Marketing the screens as a way to speed up sales and improve efficiency.  A way to speed up and broaden PRC government knowledge of what its citizens are doing, where they are going, what they’re spending their money on, where they have their money, also.  In fine, a way to extend the PRC’s ability to control, not just the population over which it reigns, or subgroups of it, but down to the individual level.  George Orwell knew about this, and about the debilitation it inflicts on liberty, even on moral and on morale.

This is not an advance over smart phone payments.  Not at all.

Green Cow Gas

…or something.  The Wall Street Journal opined Monday on the alleged hypocrisy of California’s Progressive-Democrats on the matter of going carbon-neutral in a shade over a decade.

California has plowed billions of dollars into green energy to wean the state off fossil fuels.
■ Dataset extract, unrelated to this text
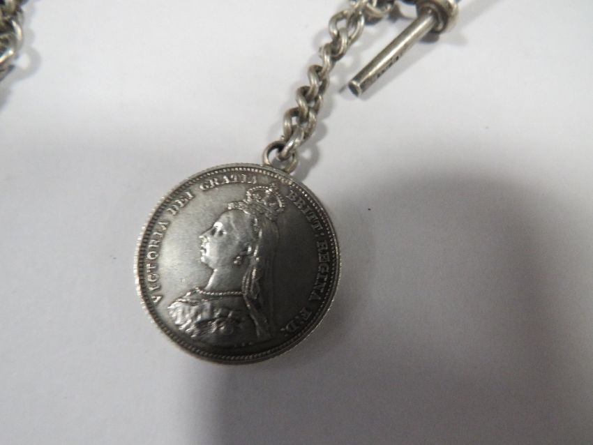 An antique hallmarked silver pocket watch albert chain

But now progressives are complaining that biofuel producers are milking government subsidies intended to help dairy farmers cut emissions. Here is another illustration of the left’s anti-carbon contradictions.

The Editors went on in that vein, describing those Progressive-Democrats’ dismay over two companies thoroughly dominating the cow manure and flatulence emissions carbon credits market, even taking advantage of California’s laws governing those emissions.

The Editors closed with this gem regarding those Progressive-Democrat greens:

California dairies have been shrinking due to the high costs of complying with environmental regulation and water restrictions. By subsidizing methane digesters, the state intended to prevent more dairy farmers from leaving the state for less green pastures. But green groups now say the subsidies will encourage farmers to increase their herds, which could cause more water and air pollution from manure….

I have to ask, then: haven’t these editors (and other critics) heard? Sniffing methane develops magical thinking powers.